I Peter 1:1-12: a message of hope from the hopeless


After countless blogs on the gospel of Mark, I have transitioned to I Peter.  The reasoning behind the decision is simple.   When we read I Peter, we are reading the testimony of the same man we saw bumbling his way through the gospel of Mark.  Who was Peter?
-          He was one of the first ones called to be a follower of Jesus Christ.  He was called with his brother Andrew.  He had been there from the beginning.
-          He had accompanied Jesus throughout his ministry, and had heard his teaching on multiple occasions
-          He had also experienced his share of setbacks, disappointments, and even failures.
In many ways Peter is like us.  Things don’t always go the way he wants.  Sometimes he is his own worst enemy.  And yet, what we’ll see from this letter is quite simple.  Peter has changed.  The resurrection has prompted Peter to respond in ways we would have thought unimaginable while reading Mark.  He still isn’t perfect, but when we listen closely we can hear the words of Christ in Peter’s writing, and we can see how his entire outlook has been radically altered because of the power of the Holy Spirit working in his life.
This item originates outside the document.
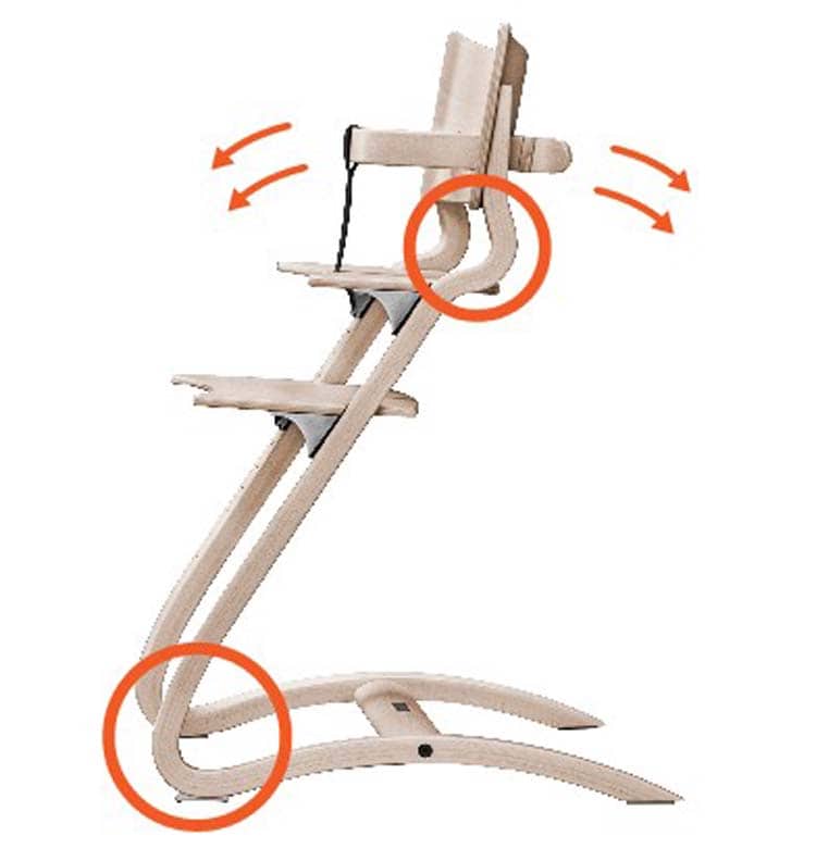 ●滑らかな曲線で構成され、前後にわずかに動くように設計されたリエンダー社のハイチェア。じっと座っていられない子どものために、動きを吸収するよう考え抜かれた設計としなやかな材質で作られました。しなやかな材質を使用することで「しなり」が生じ、お母さんに抱っこされているような心地よさを与えます。
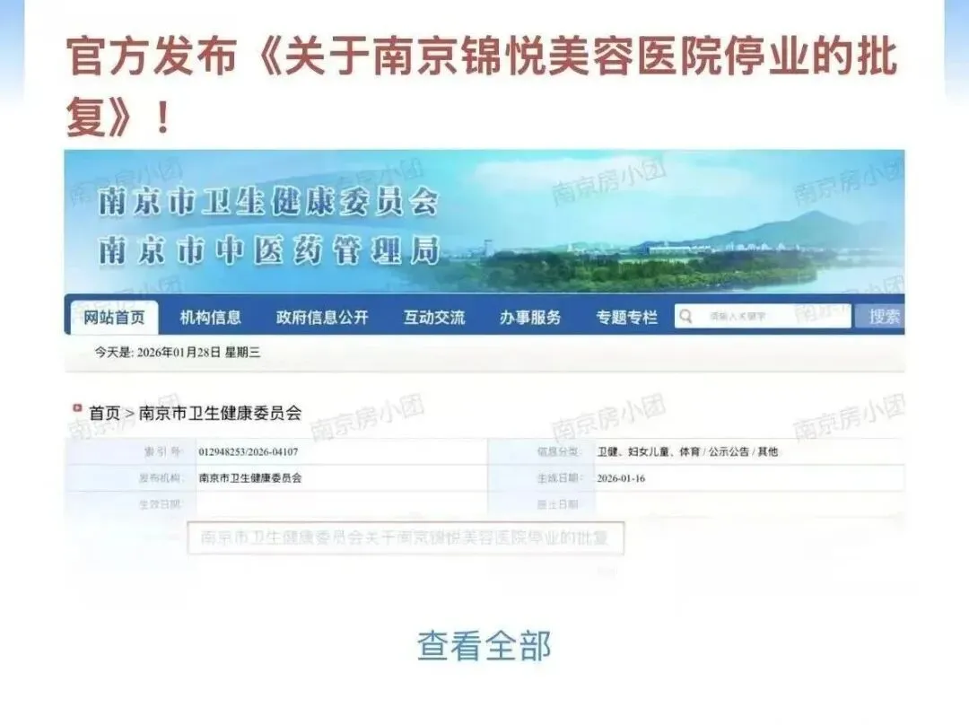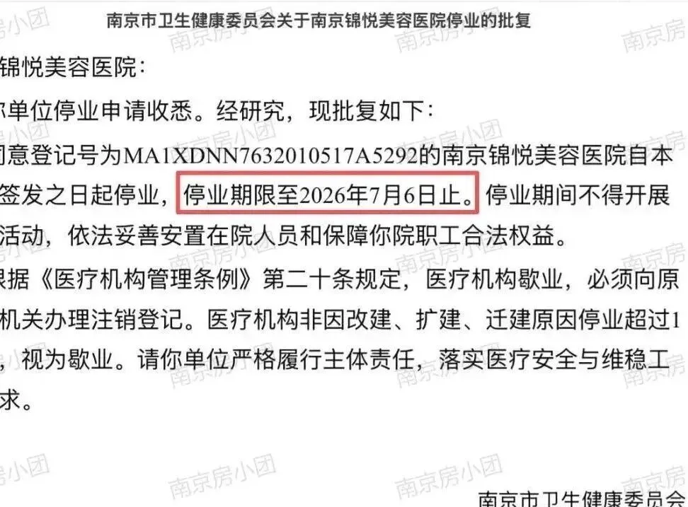 近日看到消息,南京锦悦美容医院从1月16号起停业,到7月6号为止,半年不能看病、不能打针、不能做项目。不是被查封,是自己申请的,卫健委批了。这事儿听起来挺正规,可翻一翻它之前的路,就没那么轻松了。

So with all this in mind, we sit up and take notice when Peter says that we are “born again to a living hope”.  We talked about how Peter had things in his past, things he wished he could undo, or redo.  I can’t help but wonder if as he writes this phrase, he doesn’t think of those low-points in his life- the boasting, the violence, the denial.  If anyone understood the power of being born again, of having a living hope, it was Peter.   There is no doubt that he delighted in this phrase, “he has caused us to be born again to a living hope through the resurrection of Jesus Christ from the dead.”  That implies more than a fresh start, it implies a different start.  Becoming a Christian isn’t about getting a mulligan.  It’s not a second chance to get things right, it’s coming to the understanding that we can’t get things right on our own.  In John 3 Jesus tells Nicodemus that we must be born again/from above.  For whatever reason, the translators usually chose either “born again” or “from above”, subjecting the alternative to the footnotes.  However, I don’t think Jesus was using the word because of its ambiguity, but because of the dual meaning inherent in the word itself.  We can’t only be born again, because then we would be destined to re-live our life in the same limited way we did the first go around.  Similarly, we can’t be born just “from above”, because that fails to reckon with our need for renewal. 
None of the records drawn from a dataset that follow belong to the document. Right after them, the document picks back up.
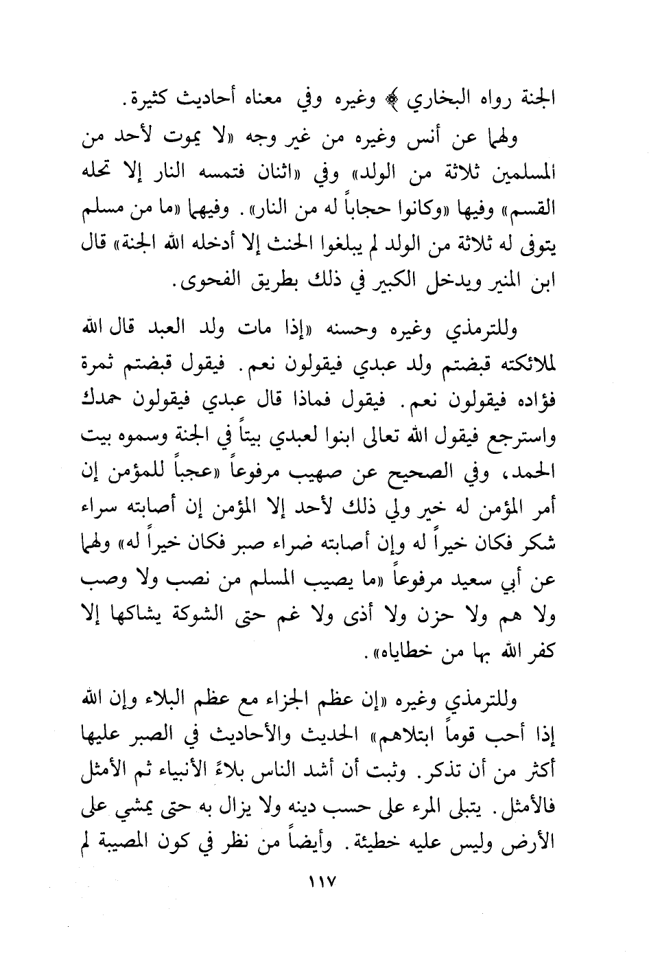 وللترمذي وغيره وحسنه "إذا مات ولد العبد قال الله لملائكته قبضتم ولد عبدي فيقولون نعم. فيقول قبضتم ثمرة فؤاده فيقولون نعم. فيقول فماذا قال عبدي فيقولون حمدك واسترجع فيقول الله تعالى ابنوا لعبدي بيتا في الجنة وسموه بيت الحمد، وفي الصحيح عن صهيب مرفوعا "عجبا للمؤمن إن أمر المؤمن له خير ولي ذلك لأحد إلا المؤمن إن أصابته سراء شكر فكان خيرا له وإن أصابته ضراء صبر فكان خيرا له" ولهما عن أبي سعيد مرفوعا "ما يصيب المسلم من نصب ولا وصب ولا هم ولا حزن ولا أذى ولا غم حتى الشوكة يشاكها إلا كفر الله بها من خطاياه".
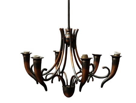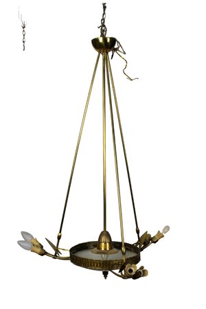LAMPADARIO A 5 LUCI in ottone a forma di cornucopie produzione italiana anni 50  h cm 79 x 65
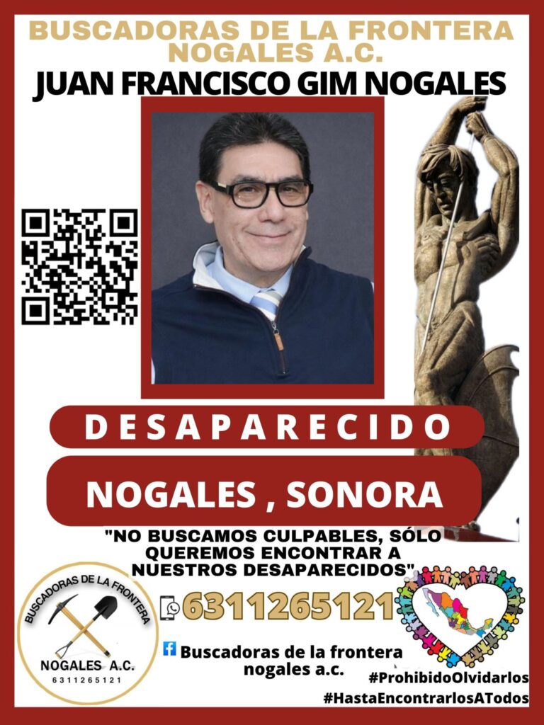 El colectivo Buscadoras de la Frontera Nogales lanzó un llamado de búsqueda de Juan Francisco Gim Nogales, actual alcalde de ese municipio fronterizo sonorense.
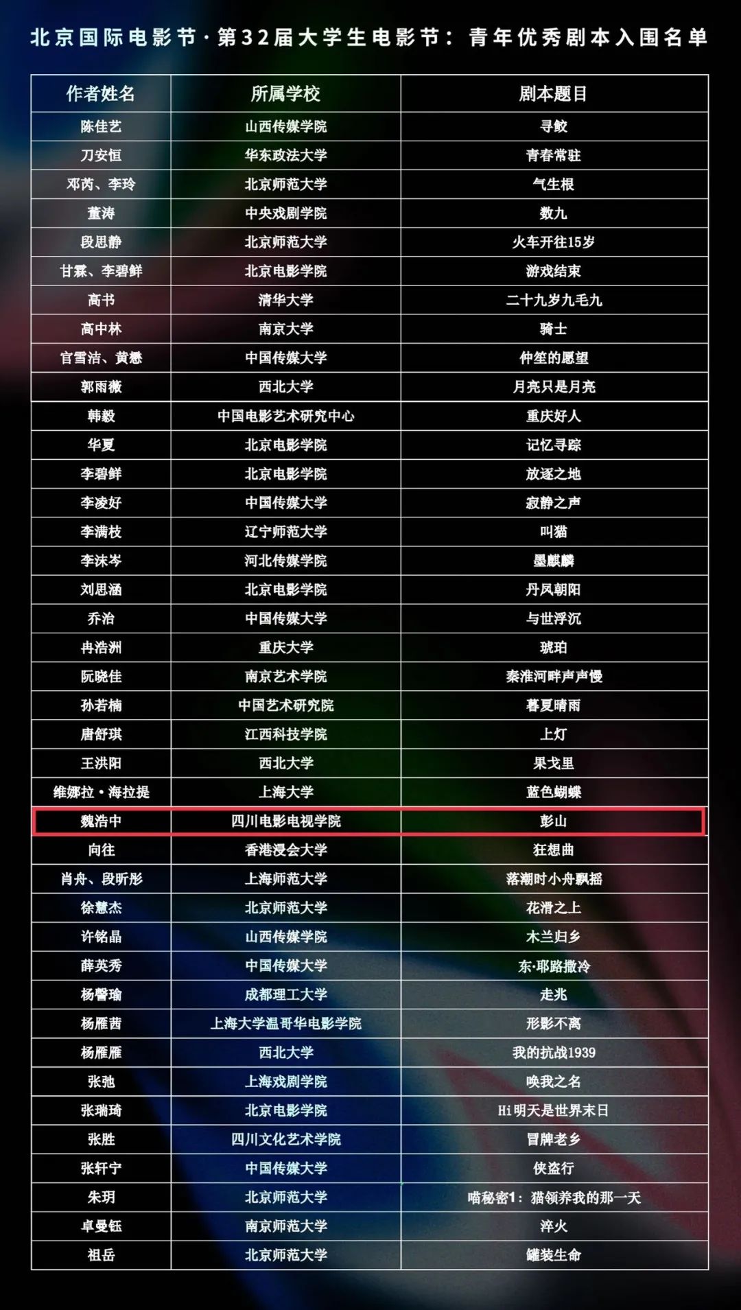 电影学院21级戏文1班 魏浩中同学的作品《彭山》成功入围!

So what does this look like in Peter’s life?  Peter didn’t like it in Mark’s gospel, when Jesus mentioned the Messiah suffering.  Peter’s concept of the Messiah probably included Jesus riding a large war horse, not a donkey; it involved him sitting on a throne, not hanging on a cross.  And yet here we read of Peter describing an eternal kingdom well worth the enduring of temporary suffering, and momentary trials.  The inheritance of the Christian who perseveres is incorruptible, in that it will not rot or decay.  It is undefiled, in that it is morally and religiously pure, not requiring us to compromise our morals in order to obtain it.  And it is unfading, in that its beauty doesn’t slowly slip away like that of a flower.        

It would seem from reading this letter that Peter has come to realize the value of trusting in what we cannot see.  I am reminded from a scene in Indiana Jones and the Last Crusade, where Indiana comes to a pivotal point in his quest to find and rescue his father.  Before him stands a large chasm, a chasm that can be traversed only by a narrow foot-bridge.  The problem is, the footbridge is invisible.  Motivated by his love for his father, Indiana takes what is literally a step of faith.  Just when it appears he will fall to his death deep into the dark void, his foot lands upon the unseen ledge.  After walking across, he turns and throws dirt on the bridge, a visual reminder that though unseen, the bridge is in fact there.   It’s a move we all have to make in our faith.  It’s a move we see Peter making in the gospel of Mark, thus all his fumbling around.  He hears Jesus echo those famous words, “where your treasure is, there your heart will be also”, and over time the meaning of them slowly sinks in.  Finally, as we read the words of his epistle, we see that though he is still not perfect, he has shifted the location of his treasure, away from a worldly way of thinking, and toward a kingdom of God way of thinking. 

It’s a shift we are all called to make, indeed it’s a shift Peter is exhorting the troubled recipients of his letter to remain commited to.  It’s not that Peter has given up on the idea of a crown of glory, it’s just he’s come to embrace the paradox that we do not, that we cannot receive the crown of glory, without the crown of thorns.